=== TO DO ===
Extract from the entries below, exactly as given, only the lines from the line containing "Představte si, že" to the line containing "Removes content that", both lines included.

*** DATA EXTRACT Section Begins ***

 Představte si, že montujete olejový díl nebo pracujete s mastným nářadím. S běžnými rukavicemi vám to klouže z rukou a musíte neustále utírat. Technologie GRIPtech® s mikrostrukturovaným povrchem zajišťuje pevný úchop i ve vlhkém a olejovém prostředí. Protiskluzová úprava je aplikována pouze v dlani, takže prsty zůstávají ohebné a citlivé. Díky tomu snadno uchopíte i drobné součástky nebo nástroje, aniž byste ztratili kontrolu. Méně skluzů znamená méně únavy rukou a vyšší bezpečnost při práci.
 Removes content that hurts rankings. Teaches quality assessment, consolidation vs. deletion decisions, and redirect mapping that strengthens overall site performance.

*** DATA EXTRACT Section Ends ***
*** DATA EXTRACT Section Begins ***

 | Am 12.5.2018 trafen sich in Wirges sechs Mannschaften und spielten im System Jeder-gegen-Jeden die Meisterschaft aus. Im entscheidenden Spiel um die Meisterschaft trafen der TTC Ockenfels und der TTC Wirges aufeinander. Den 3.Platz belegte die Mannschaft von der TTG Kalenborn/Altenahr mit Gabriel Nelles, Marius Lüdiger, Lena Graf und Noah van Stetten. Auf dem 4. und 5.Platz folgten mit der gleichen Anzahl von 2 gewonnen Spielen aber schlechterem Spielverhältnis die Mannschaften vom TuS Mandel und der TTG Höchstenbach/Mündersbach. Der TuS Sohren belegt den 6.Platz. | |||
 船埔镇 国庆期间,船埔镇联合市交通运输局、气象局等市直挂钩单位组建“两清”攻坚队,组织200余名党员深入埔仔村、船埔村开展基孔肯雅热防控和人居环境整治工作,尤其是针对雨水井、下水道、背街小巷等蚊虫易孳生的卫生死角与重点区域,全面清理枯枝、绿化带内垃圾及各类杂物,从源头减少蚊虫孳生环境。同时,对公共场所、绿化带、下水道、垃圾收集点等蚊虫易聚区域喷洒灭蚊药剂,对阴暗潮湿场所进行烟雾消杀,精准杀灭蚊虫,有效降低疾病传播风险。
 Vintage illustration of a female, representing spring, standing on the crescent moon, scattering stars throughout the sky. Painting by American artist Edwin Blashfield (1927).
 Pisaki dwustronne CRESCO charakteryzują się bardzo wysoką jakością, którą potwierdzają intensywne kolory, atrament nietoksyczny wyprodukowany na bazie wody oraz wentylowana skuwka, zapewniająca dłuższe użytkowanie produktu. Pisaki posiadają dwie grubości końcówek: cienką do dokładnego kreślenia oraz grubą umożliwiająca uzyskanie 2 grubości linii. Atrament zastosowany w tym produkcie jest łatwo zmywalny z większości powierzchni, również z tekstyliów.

*** DATA EXTRACT Section Ends ***

=== YOUR RESPONSE ===
 Představte si, že montujete olejový díl nebo pracujete s mastným nářadím. S běžnými rukavicemi vám to klouže z rukou a musíte neustále utírat. Technologie GRIPtech® s mikrostrukturovaným povrchem zajišťuje pevný úchop i ve vlhkém a olejovém prostředí. Protiskluzová úprava je aplikována pouze v dlani, takže prsty zůstávají ohebné a citlivé. Díky tomu snadno uchopíte i drobné součástky nebo nástroje, aniž byste ztratili kontrolu. Méně skluzů znamená méně únavy rukou a vyšší bezpečnost při práci.
 Removes content that hurts rankings. Teaches quality assessment, consolidation vs. deletion decisions, and redirect mapping that strengthens overall site performance.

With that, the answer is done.